Infatti la fantascienza nella televisione americana degli anni 50 e dei primi 60 è concepita per un pubblico essenzialmente infantile; gli stessi più maturi The Science Fiction Theatre (1955), L’uomo e la sfida (The Man And The Challenge, 1959), Men Into Space (1959), The New People (1959) e One Step Beyond (1959) restano ben lontani dall’inusitata profondità tematica di ST:TOS; mentre Ai confini della realtà (The Twilight Zone) va considerato come appartenente al più ampio ambito del fantastico, piuttosto che allo specifico fantascientifico. Anche nel periodo durante il quale ST:TOS è concepito e poi mandato in onda mentre il cinema dell’età kennediana continua ad aprirsi a numerose elaborazioni fantastiche “mature” di temi come, per esempio, la paura del conflitto atomico: si pensi soltanto a Il dottor Stranamore, ovvero come imparai a non preoccuparmi e ad amare la bomba (Dr. Strangelove, Or: How I Learned To Stop Worrying And Love The Bomb, 1964) di Stanley Kubrick, la televisione seriale statunitense riesce a offrire, per ciò che concerne la fantascienza pura, soltanto produzioni avventurose, spettacolari ma abbastanza fini a se stesse, come quelle di Irwin Allen (definito dai critici a stelle e strisce “il Jules Verne della science fiction catodica”): Viaggio infondo al mare (Voyage To The Bottom Of The Sea, 1964), Lost In Space (1965), Kronos – Sfida al passato (The Time Tunnel, 1966) e La terra dei giganti (Land Of The Giants, 1968).

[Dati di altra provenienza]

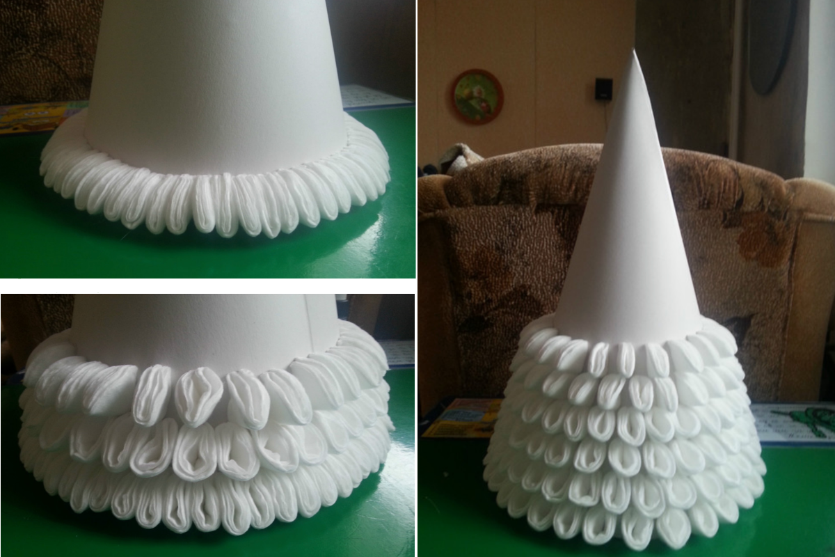 Instalamos um cone no centro do espaço de trabalho e começamos a produzir roupas para a árvore de Natal. Para fazer isso, dobre a almofada de algodão ao meio, depois dobre na forma de um cone, conectando as extremidades afiadas entre si. Nós fixamos a base do cone de algodão com um grampeador.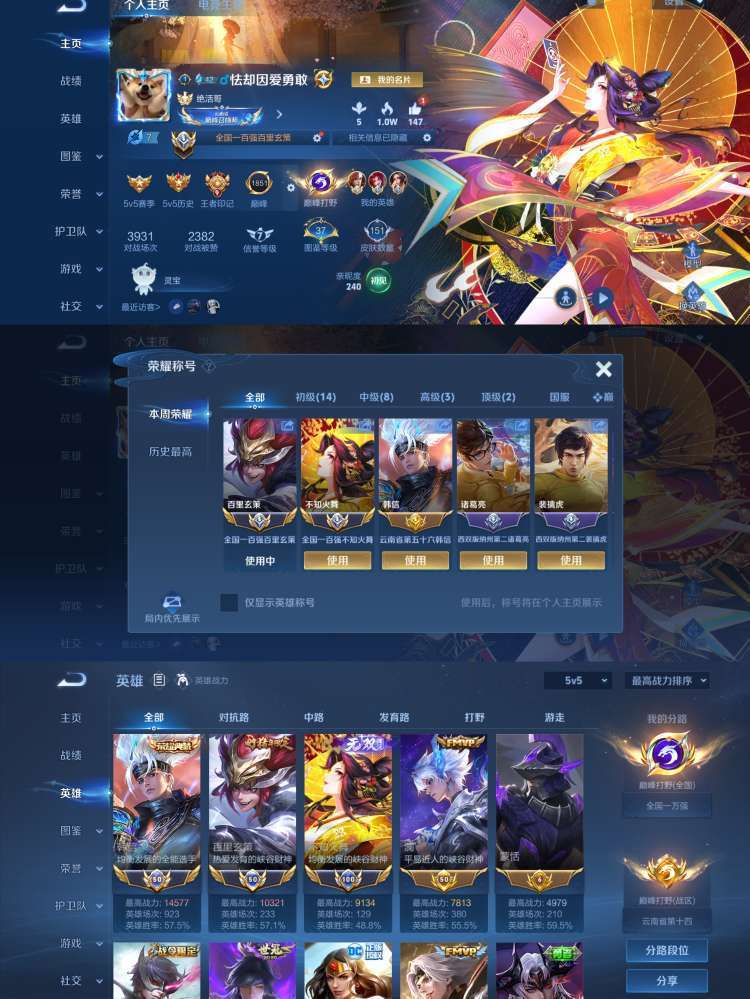 2月在榜全国标双小国服100强玄策/100强不知火舞❤️历史小国韩信❤️弑枪猎影❤️可排禁巅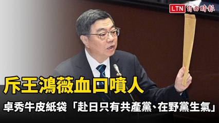 斥王鴻薇血口噴人 卓榮泰秀牛皮紙袋「赴日只有共產黨、在野黨在生氣」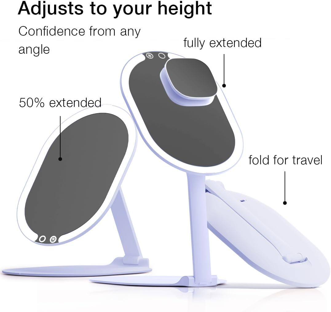 • Adjustable Height – Our travel mirror effortlessly transitions from handheld to vanity, allowing you to find the perfect viewing angle at various heights. No more uncomfortable hunching!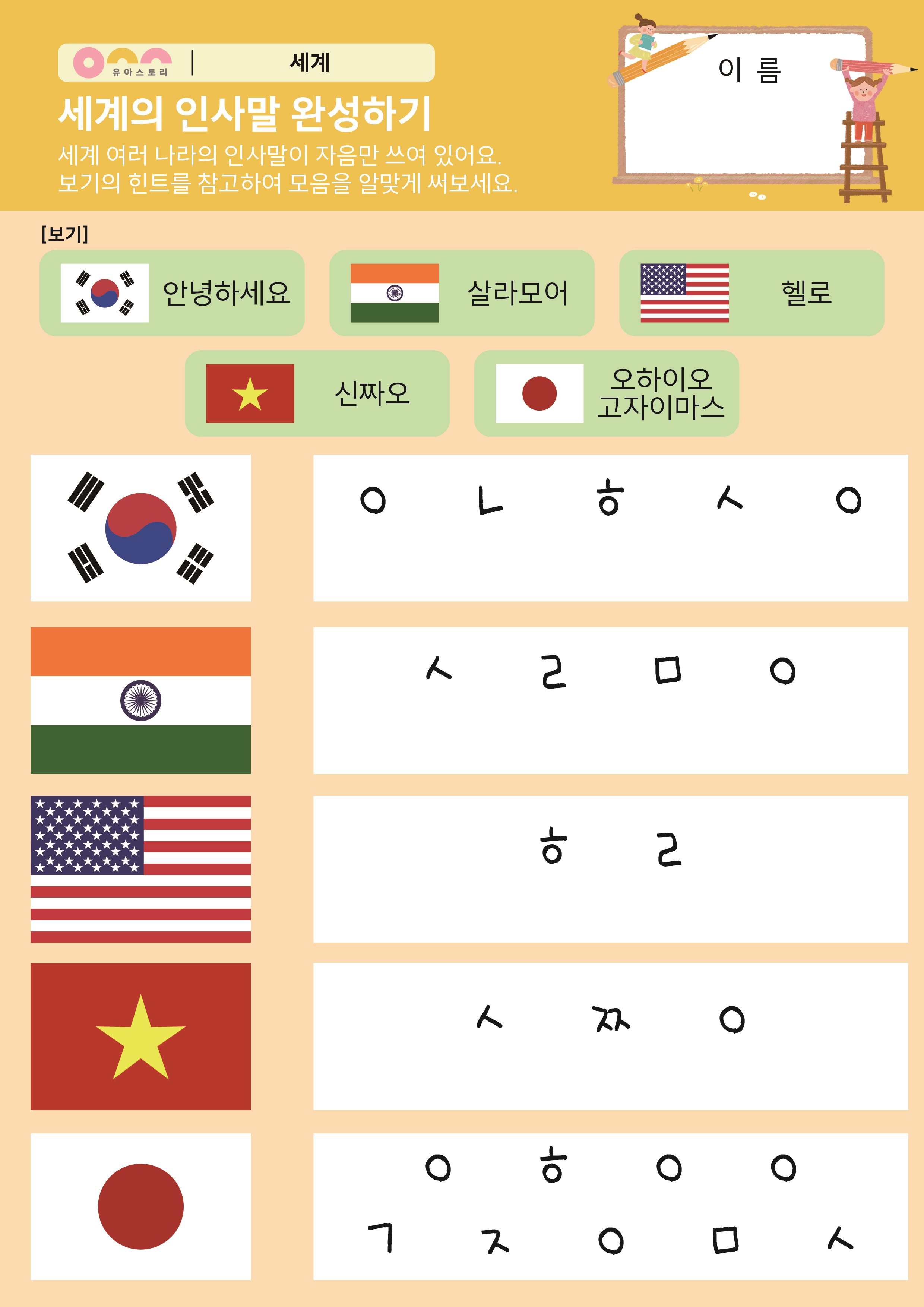 세계의 인사말 완성하기 활동지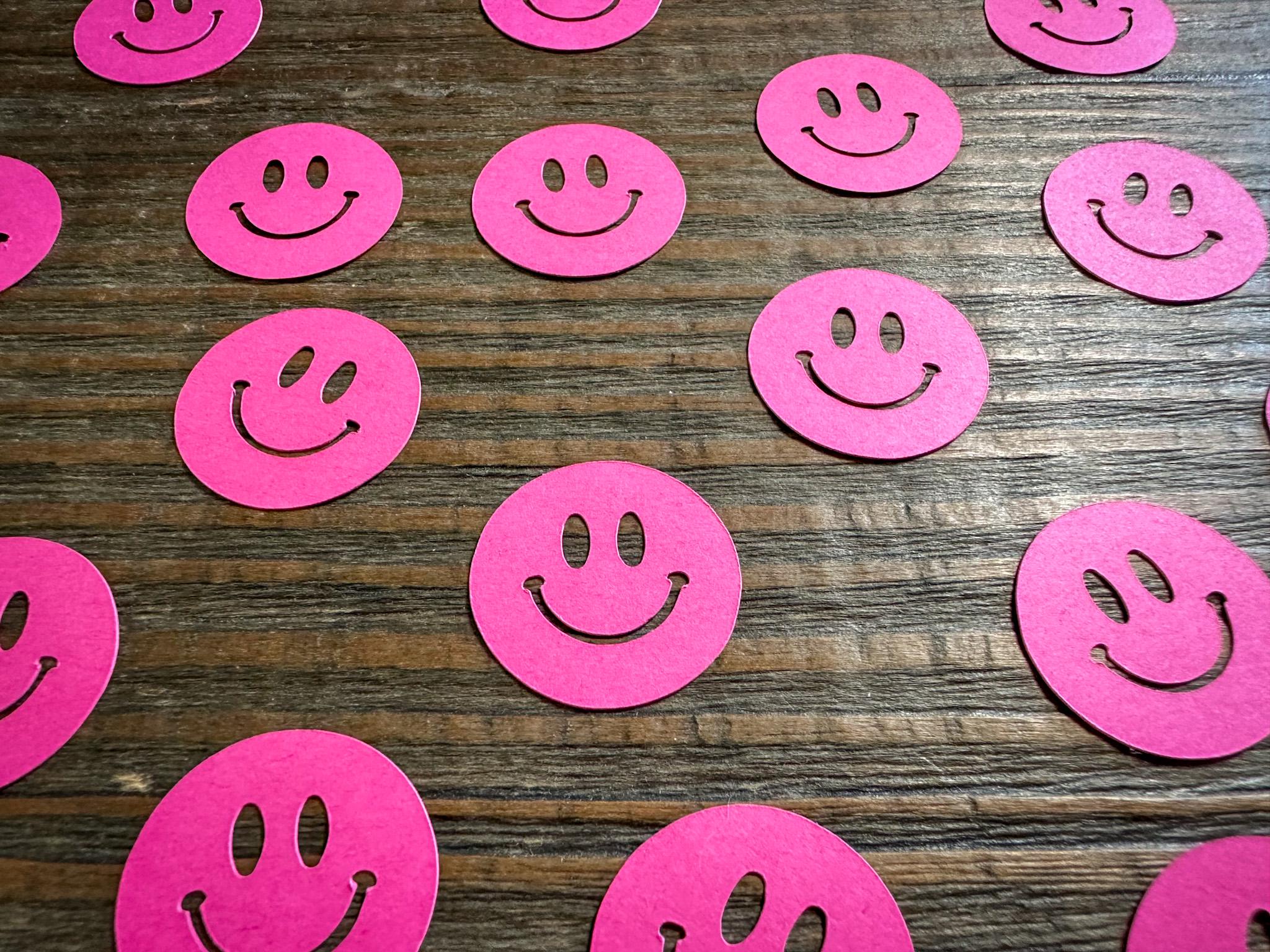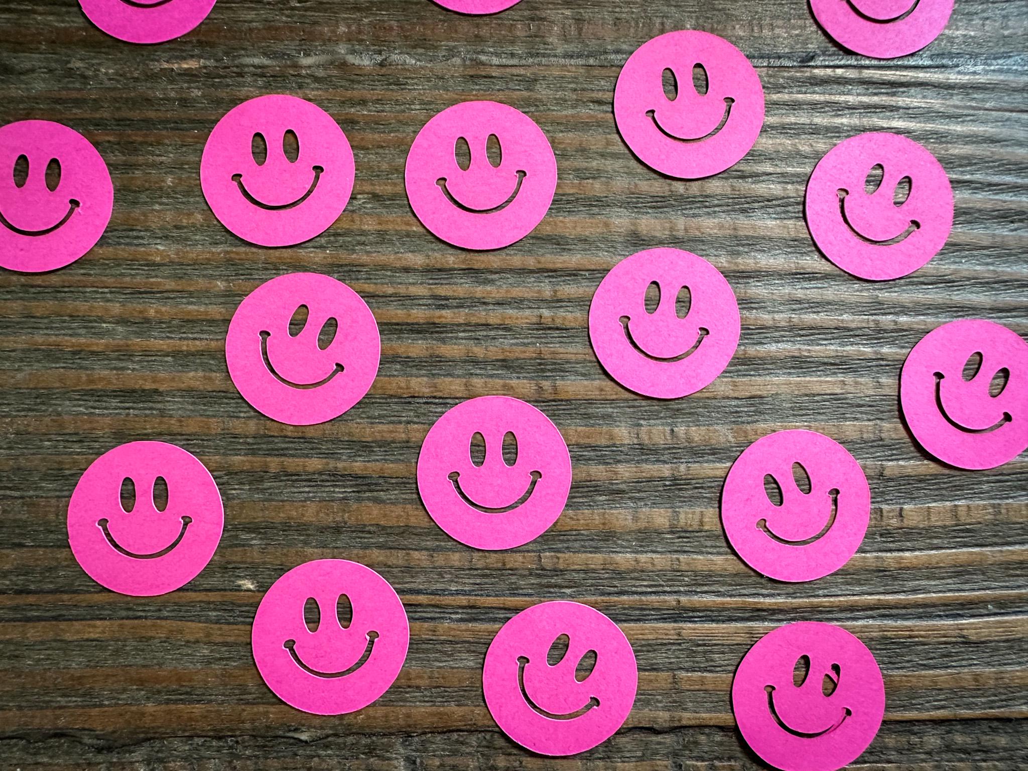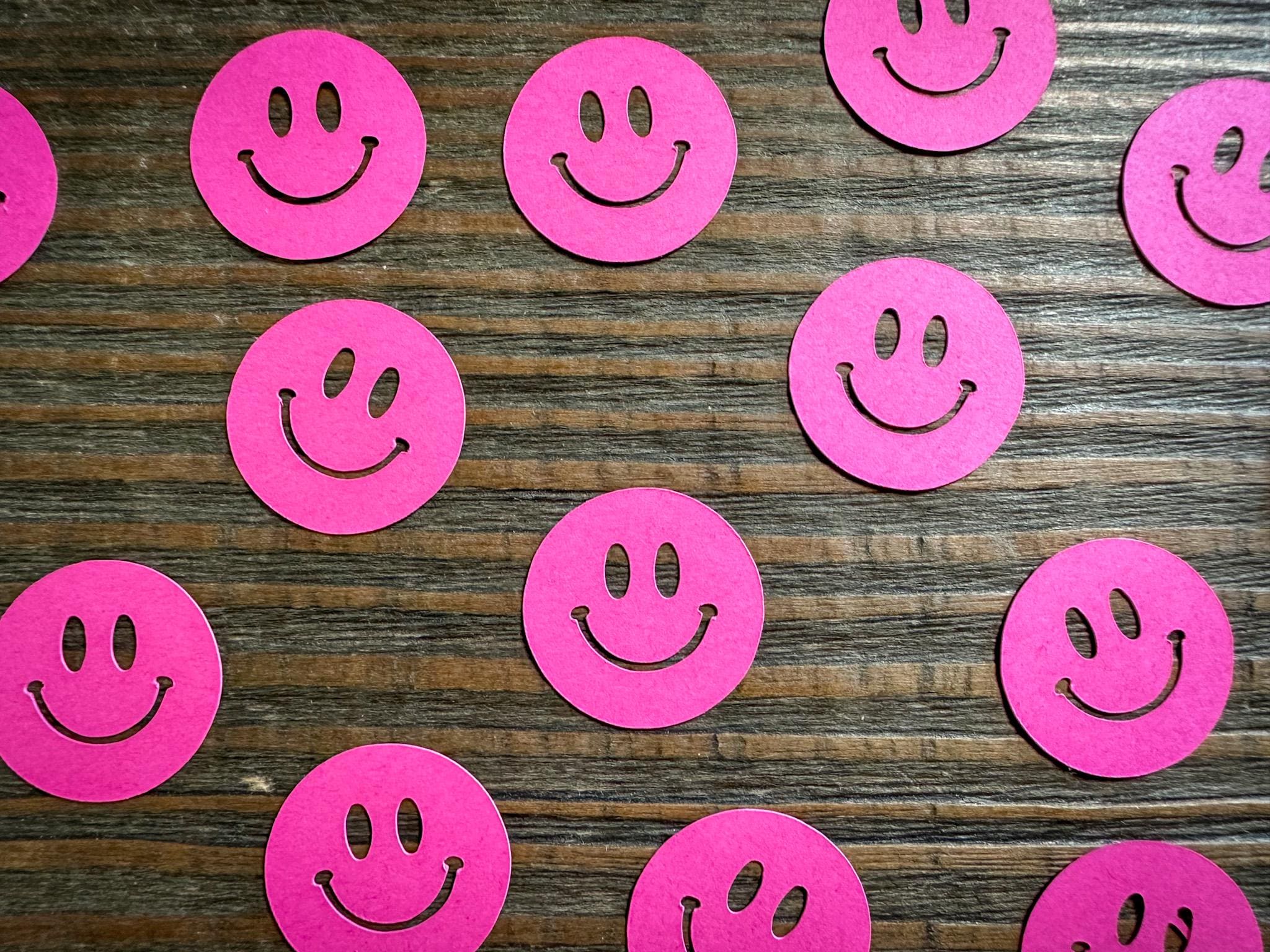 This listing is for 100 pieces of bright pink smiley face confetti! It is made from premium cardstock and each piece measures approximately 1 inch in diameter.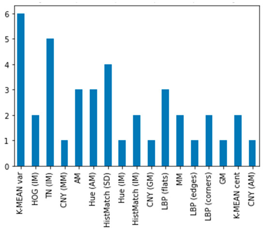 As to the feature selection, we focused on a set of 35 features extracted per image, chosen specifically with the characteristics of our dental tooth images in mind (wide variability in lighting, perspective, cameras, and other qualities, with underlying similarity in content). The analysis by AutoML-H2O found the most contributing features for each of the classifiers (see Figure 9 and Figure 10). Note that our innovative feature tailored to the dental context—TN (IM)—was selected by AutoML-H2O for the most cases 5/8 positions at the first stage, and 7/8 at the second stage, proving its value.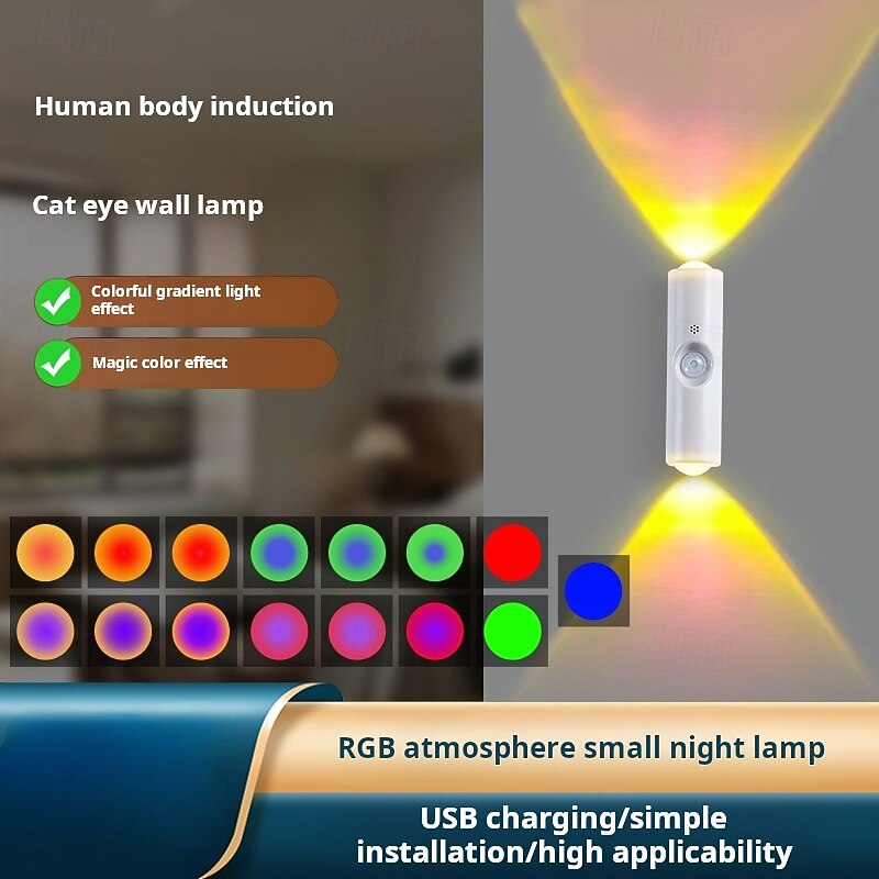 1 Pc Led Charging Puck Lights Spotlight, Sensor  Night Light, Usb Charging, Three Color Dimming, Magnetic Installation, No Need For Wiring Or Punching Hole 12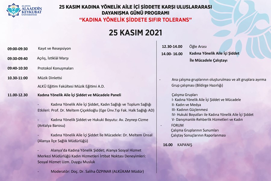 Alanya Alaaddin Keykubat Üniversitesi Kadın ve Aile Çalışmaları Uygulama ve Araştırma Merkezi (ALKÜKAM), kadına karşı şiddet kullanımının ortadan kaldırılması, kadınların bilgiye, yardım ve korunma hizmetlerinin ulaşılabilirliğinin artırılması, şiddetin nedenleri ve sonuçlarının ortaya çıkarılması amacıyla, 25 Kasım Kadına Yönelik Şiddetle Mücadele Günü kapsamında çeşitli etkinlikler düzenleyecek.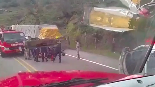 Nosotros recibimos el llamado a eso de las 4:30 p. m. y de inmediato salimos para el lugar, luego de hacer las verificaciones podemos decir que se trato de la colisión de una moto contra un vehículo de carga, producto de este hecho dos jovenes quedan lesionados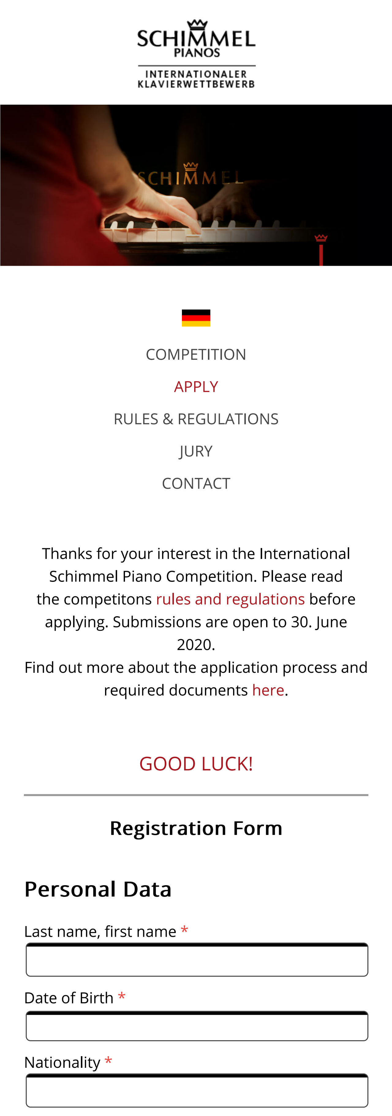 舒密爾國際鋼琴大賽報名網站由德國舒密爾鋼琴公司直接制作管理,為保證國際大賽的權威性,所有報名參加比賽的選手均需直接在大賽指定的網站上傳報名信息。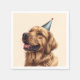Cute cartoon illustration of Golden Retriever dog wearing a birthday hat. Perfect for pet lovers or dog parents.

Unico autentico progenitore di ST:TOS, insomma, può essere considerato, come detto, l’antologico The Outer Limits di Leslie Stevens.

ST_TOS_CastIl telefilm di Gene Roddenberry, quindi, è percepito subito come qualcosa di diverso. Riesce, infatti, a produrre una sintesi popolare efficacissima di questioni decisamente significative: per esempio, la rappresentazione futuristica di temi classici della mitologia antica e degli schemi simbolici della “ricerca” e del “viaggio” (lo spazio, secondo lo slogan della serie, diventa l’autentica, ultima frontiera per i nuovi pionieri di domani: come detto, il “selvaggio West” del lontano futuro); la messa in scena, in piena esplosione del movimento per i diritti civili, della profonda crisi che investe i rapporti tradizionali tra razze diverse negli USA (attraverso la composizione di un equipaggio realmente multietnico, nel quale occupa un ruolo di primissimo piano un mezzosangue alieno); la rievocazione del recente passato paranoide della Guerra Fredda e del “muro-contro-muro” tra superpotenze all’insegna delle armi nucleari. Mi sono tante le problematiche etiche e persino filosofiche che emergono nel corso della serie, d’altra parte concepita partendo da un preciso imperativo morale: quello della non-interferenza nelle vicende delle culture “altre” incontrate sui pianeti visitati di volta in volta dall’Enterprise (anche se Kirk e compagni non sempre si attengono a quella che è chiamata Prima Direttiva). L’altro, il diverso non coincide più con il nemico da temere e, magari, soggiogare: va compreso, conosciuto (magari studiato, suggerisce implicitamente la serie… ), ma mai (o quasi mai) combattuto. In ST:TOS, l’unica razza aliena davvero ostile, innanzitutto dal punto di vista politico, è quella dei Klingon, il cui impero è in guerra aperta con la Federazione Unita dei Pianeti. Per il resto, molto spesso, quelli che sembrano “cattivi” all’inizio di un episodio si rivelano, poi, semplicemente creature in lotta per la sopravvivenza propria e dei propri simili: come il Gorn di Arena (id.) oppure la tenera Horta, una mamma aliena preoccupata per i suoi piccini, di Il mostro dell’oscurità (The Devil In The Dark).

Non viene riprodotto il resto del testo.